Poco antes de su huida, el monseñor había aplicado la tintura al pergamino y había leído el texto en alto para su señor. La lividez que cubrió el rostro del pontífice le duraba todavía. Y aunque, en algunos momentos, los ojos le brillaban con cierto aire victorioso, en el fondo la congoja le había calado hasta la médula.

—¡Maldito siervo del Señor! ¡Enciéndelo de una vez! —increpó al mayordomo con impaciencia.

Pero el mayordomo, inexperto en asuntos profanos tales como encender una lumbre, no lograba alumbrar ni una triste llama.

Rememorando su pasado de corsario, Juan XXIII lo intentaba a la vez a su manera. Y he aquí que, de pronto, una llama prendió en su yesca. Una llama débil al principio, pero que, avivada por el viento, se tornó en seguida en una refulgente antorcha.

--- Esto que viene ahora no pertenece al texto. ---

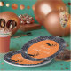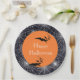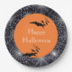 This paper plate is shown in a spooky Halloween spider webs print design.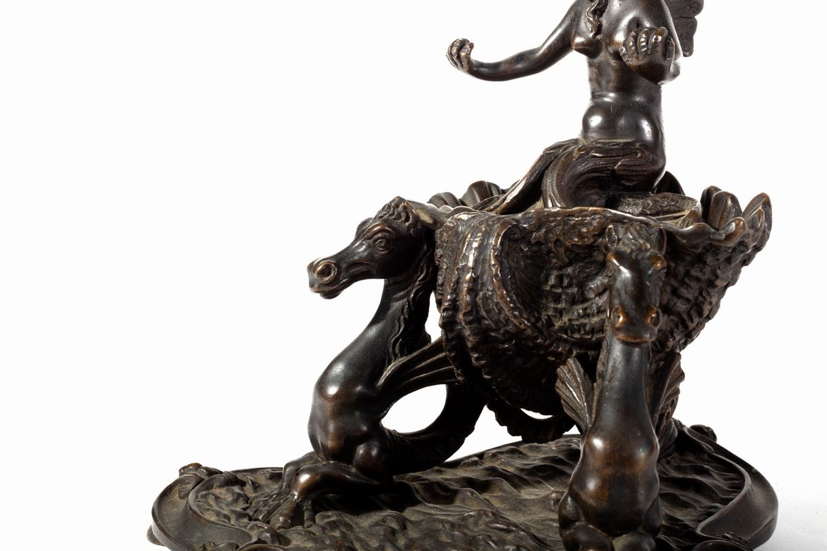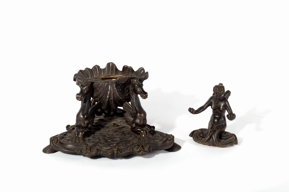 il calamaio con sirena su conchiglia trainata da cavalli marini, secolo XIX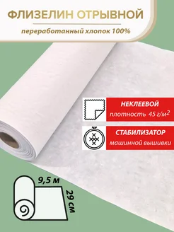 Белый флизелин неклеевой отрывной рулон 9,5 м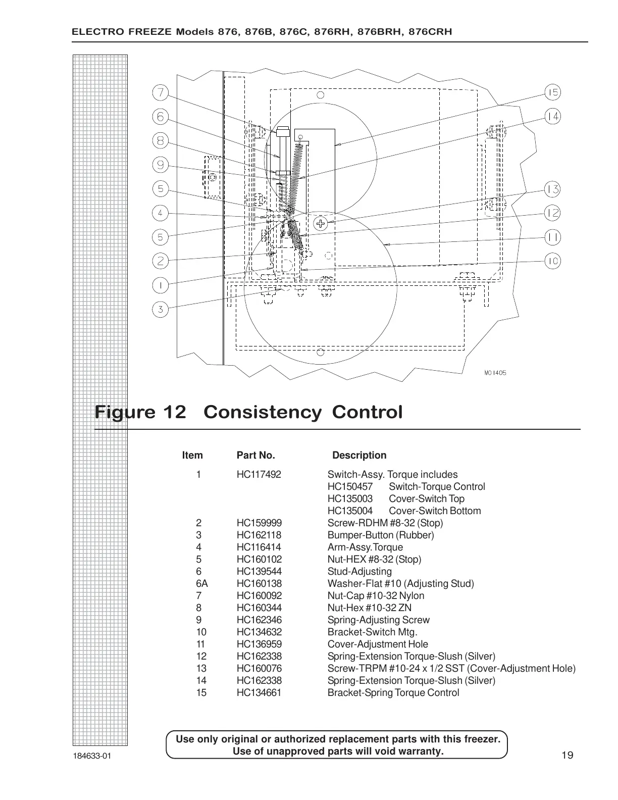 Use only original or authorized replacement parts with this freezer.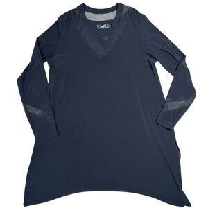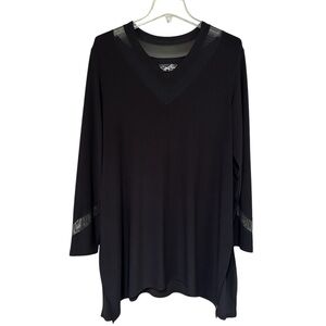 Chic and versatile black tunic. Effortless elegance meets all-day comfort in this Sympli black tunic dress, featuring chic mesh accents and a flattering V-neck—perfect for travel, work, or evening events.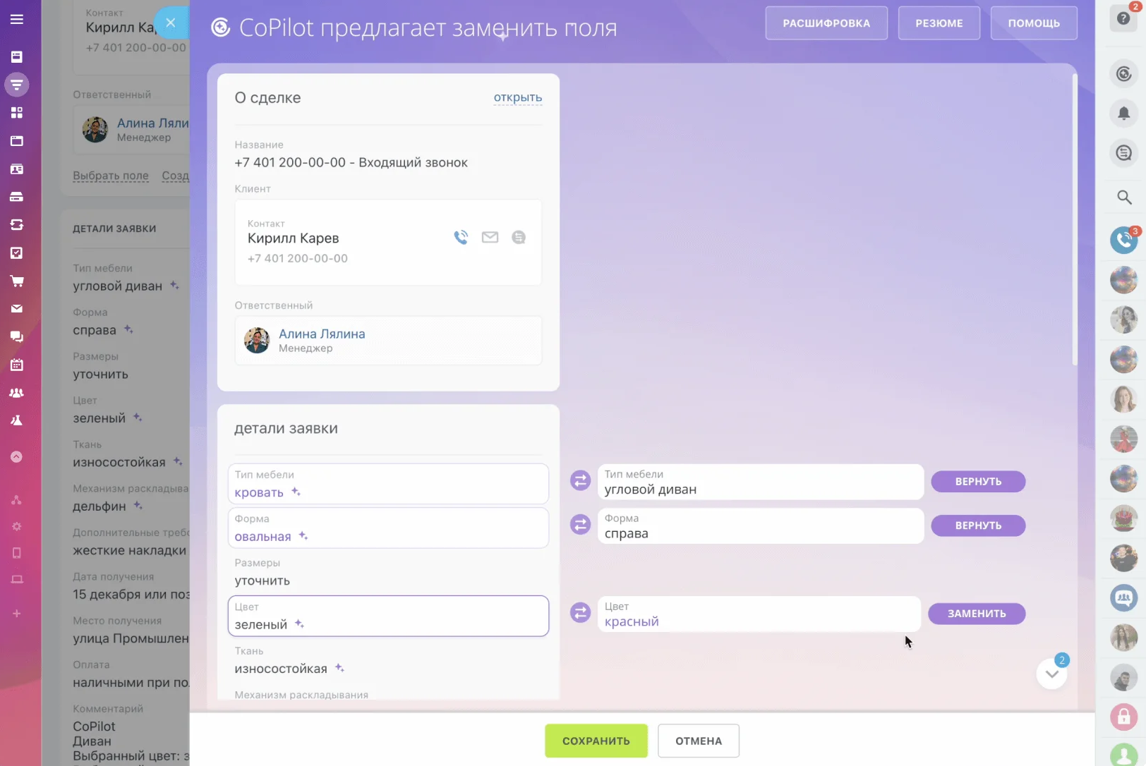В CRM Копилот сам обработает звонки и возьмет на себя рутинную работу. Он расшифрует запись разговора, выделит главное и автоматически заполнит поля в CRM. Менеджерам больше не нужно прослушивать звонки — CoPilot предоставит текстовую расшифровку и резюме с ключевыми моментами, чтобы помочь быстро подготовиться к следующему звонку.

El pontífice apremió a su mayordomo para que mantuviera la llama encendida. Luego él mismo desdobló el pergamino y lo expuso al fuego.

—¡Maldita sea, no arde! —exclamó impaciente.

—Debéis tener un poco de paciencia, Santidad. Incluso las pobres almas del Purgatorio han de requemarse primero durante un rato antes de que sus pecados sean devorados por el fuego.

—¡Nonsens! —espetó el papa.

Entonces, de pronto, aconteció algo inexplicable: el pergamino lanzó una furiosa llamarada que, como un haz de fuego, chocó contra el toldo del carruaje. Sólo unos instantes después, el carro ardía en llamas.

Cuando los cocheros se percataron del infierno, ya era demasiado tarde para apagarlo. Todos los esfuerzos por detener el carruaje fueron en vano. Los carreteros saltaron. Y lo mismo hizo el monseñor, seguido de Juan XXIII. Los caballos, como almas que llevara el diablo, continuaron galopando por la pedregosa carretera rumbo a Schaffhausen.

Arrastrándose por el suelo a cuatro patas, el papa trepó por el talud que se extendía junto al camino. Se incorporó tambaleándose y resolló. En el interior de la mano derecha, abrasada, ocultaba un puñado de cenizas negras.